CDK is one of the leading tech firms supplying dealer management and software services to car dealers. It generates more than $2.2 billion a year in annual revenue.
The other two big players are Reynolds and Reynolds and Cox Automotive — both of whom are privately held.
If CDK is taken private, the three largest vendors of automotive retail technology will be private which means the only information available to the industry will be mainly press release fodder. That’s not to say none of that information is valuable (for the record, the communications teams at all three companies do phenomenal work and are a great asset to our industry).
But data from public companies often is more substantive from an informational and business intelligence perspective.
We’ll lose that if all three companies are private.
Granted, my world and livelihood is based on getting information, analyzing it and providing it to the subscribers of The Banks Report. So, yes, it will impact me more than it will others — at least on the surface.
But that information is valuable to dealers who are trying to determine which vendor partners to select. It gives us a window into what’s happening now and what likely will happen in the future. And it’s valuable to other vendors who are making strategic decisions about their future. It’s also critical information for investors — data from acquisitions a public company makes helps investors establish more intelligent valuations.
When a company is public, they have to disclose all types of information. For example, when the Federal Trade Commission began an investigation into an agreement CDK and Reynolds and Reynolds signed in 2015, CDK had to disclose that — along with information about the antitrust lawsuits filed against it — to its shareholders. Reynolds didn’t because it’s a privately held company.
Furthermore, there is financial information and other data public companies have to provide that gives us a window into what is happening overall in the industry.
If CDK goes private, getting that information will be much more difficult — and it won’t be forthcoming from the other two vendors. I’m not sure that’s a good development for the industry. I would prefer all three be public, but I’ll take what I can get.

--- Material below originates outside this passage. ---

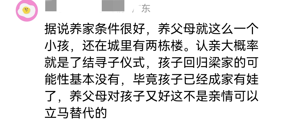 梁志辉找到了,梁志辉爸爸和妈妈说认亲仪式暂时还没确定什么时候,要等梁志辉有空才办。
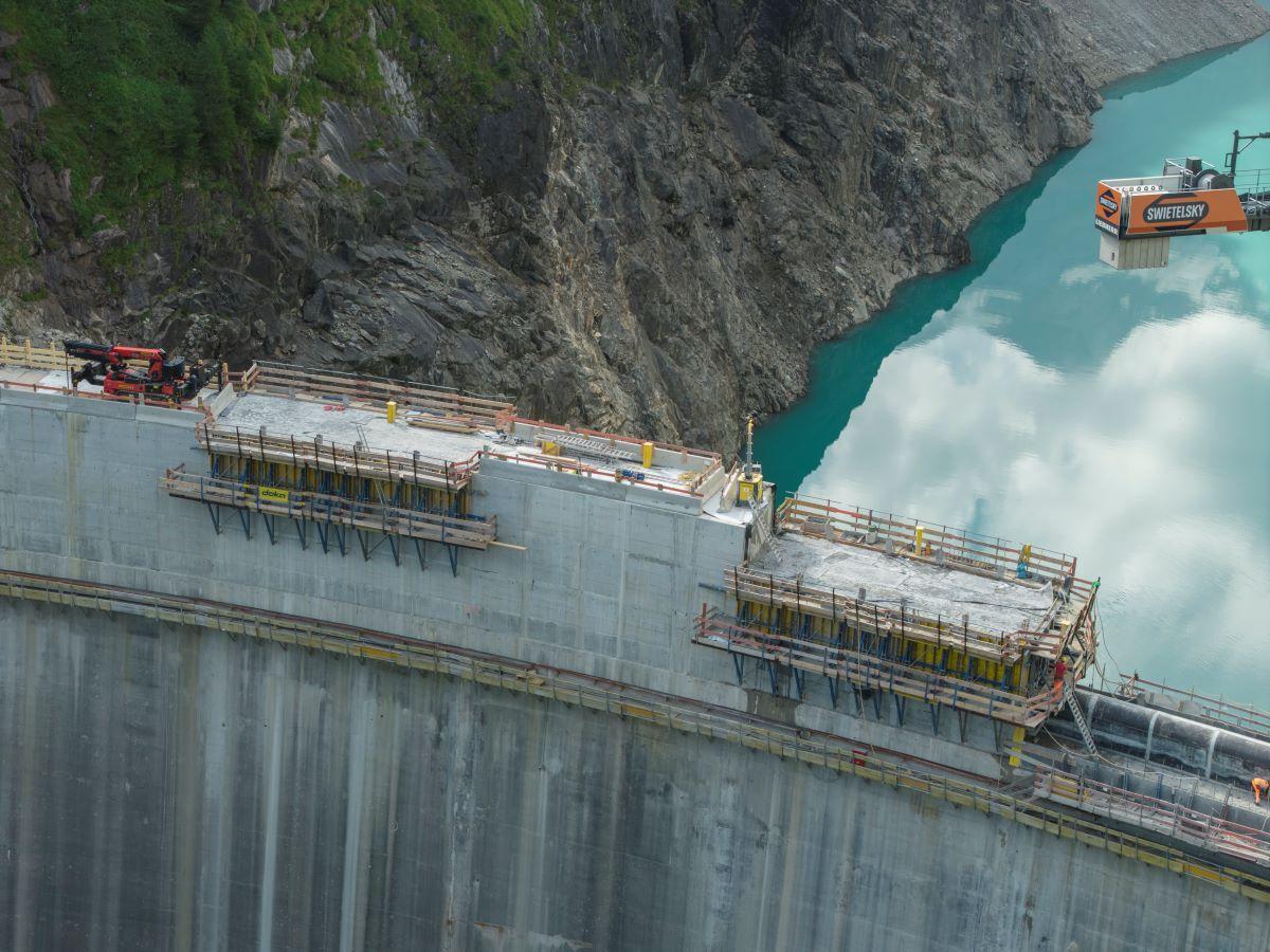 Dela potekajo na nadmorski višini 1.700 metrov – v okolju z nizkimi temperaturami pod lediščem, sunki vetra nad 100 km/h in izjemnimi logističnimi izzivi. Da bi uspešno obvladali te razmere, se VERBUND, vodilno avstrijsko elektroenergetsko podjetje, zanaša na strokovno znanje podjetja Doka pri gradnji jezov. S pomočjo 3D-načrtovanja, predmontaže in optimizirane logistike so bistveno pospešili faze betoniranja, saj so dosegli približno 260 m³ v samo treh dneh.

At least with one company public, we have a better idea of what questions to ask and can often triangulate conclusions using other pieces of information.

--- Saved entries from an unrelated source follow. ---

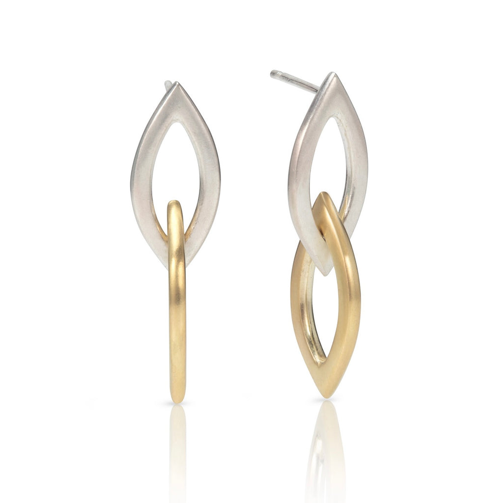 Two links of the marquise shape that is used in all the Dalia collection pieces, one sterling silver and one solid 18ct gold. These earrings move beautifully when worn and are very light and comfortable to wear.
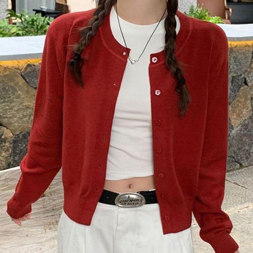 레몬소울 여성용 레모 베이직 라운드 니트 가디건
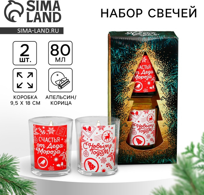 Sima-Land Home Набор свечей ароматических в стакане «Новый год. Счастья от Деда Мороза»
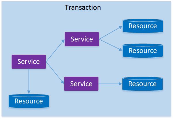 - 分布式事务:当一个服务操作访问不同的数据库资源,又希望对它们的访问具有事务特性时,就要采用分布式事务来协调所有的事务参与者。
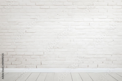 © soleg, Fototapeta premium brick wall white color and wooden plank floor for background or texture
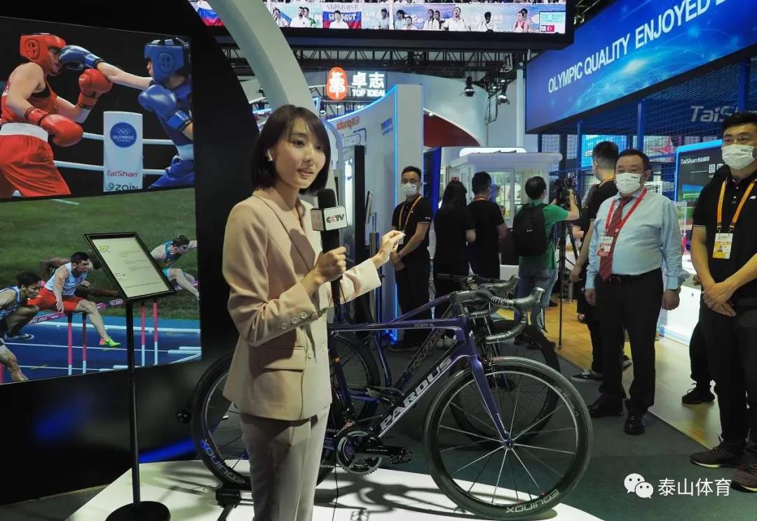 央视新闻频道消博会专题现场直播来到泰山体育展厅,央视新闻记者宋菀在泰山瑞豹运动自行车展位单手感受泰山瑞豹碳纤维自行车的轻量化高刚性的“黑科技”高性能,圈粉无数。
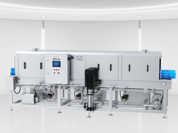不銹鋼周轉箱清洗機預洗過程是水泵將水從預洗水箱中吸出,經噴嘴噴出,使食品或容器具各面收到清洗,洗掉雜物,清洗后的污水經過濾分離流回水箱,雜物排出。主清洗過程是水泵將溫水從主清洗水箱中吸出,經噴嘴噴出,使食品或容器具各面受到清洗,清洗掉剩余雜物及油污,清洗后的污水經過濾分離流回水箱,雜物排出。無菌洗箱機漂清過程是漂洗水泵將熱水從漂洗水箱中吸出,經噴嘴噴出,將被清洗物上的清洗劑等漂洗掉,同時對清洗物進行消毒,水流至主清洗水箱。洗箱機輸送系統采用變頻調速電機帶動,調節電機速度以控制清洗時間。該機側導向機構可調以,適應不同規格清洗物品。
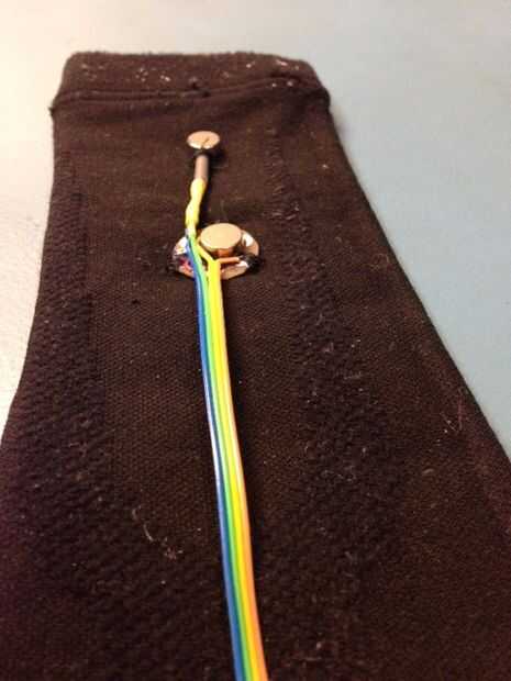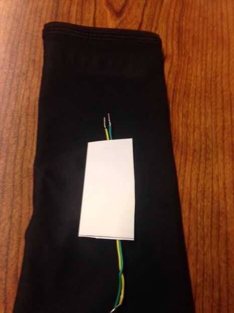 Primer diseño del donde desea que los cables de cinta y sensores incrustados en la manga del brazo. Yo he colocado el sensor de temperatura y vibración motor más cercano a la zona de la muñeca y los cables en el centro de la tela.

You can make the argument CDK will be better off private having the freedom to pursue long strategic initiatives rather than have to cater to investor and analyst demands for quarterly returns. And, as a result, that will ultimately be better for its dealers. There is some truth to that, but in this situation, the demands on a private CDK may be more than it currently has as a public company — even with the activist investor it has now.
CDK, as its own public company (formerly ADP’s Dealer Services Group before it was spun off in 2014) has been a win for investors as the stock price has gone up from $25 to more than $70 in less than three years. The company has become financially healthier as Brian MacDonald and team have executed a well-put together transformation plan. But it has been a mixed-bag for dealers. CDK has launched a stronger and more effective website platform; acquired a DMS-reporting tool and initiated a strategic play inviting more vendors to be part of its platform. But, it also executed a controversial and more costly (for third party vendors) data integration policy. And late last year, it began tightening up its contracts with dealers and no longer allow dealers to fall into a month-to-month situation (while tougher for dealers, it is smarter for CDK financially and strategically to tighten these areas).
If it’s acquired (and it is sounding like a deal may be close) the new P/E owners are going to demand significant growth. There are going to be additional cuts and restructuring as well as acquisitions. And unless the FTC comes down hard on Reynolds and CDK, the industry is not going to get a more open and less expensive data integration play from either DMS. The lawsuits will take another couple of years — if not longer — to play out, if they aren’t settled first.
I don’t want to overstate the issue, but I’m not looking forward to the day CDK is sold. I’ll have to find something else to do on Saturday mornings other than reading its SEC filings.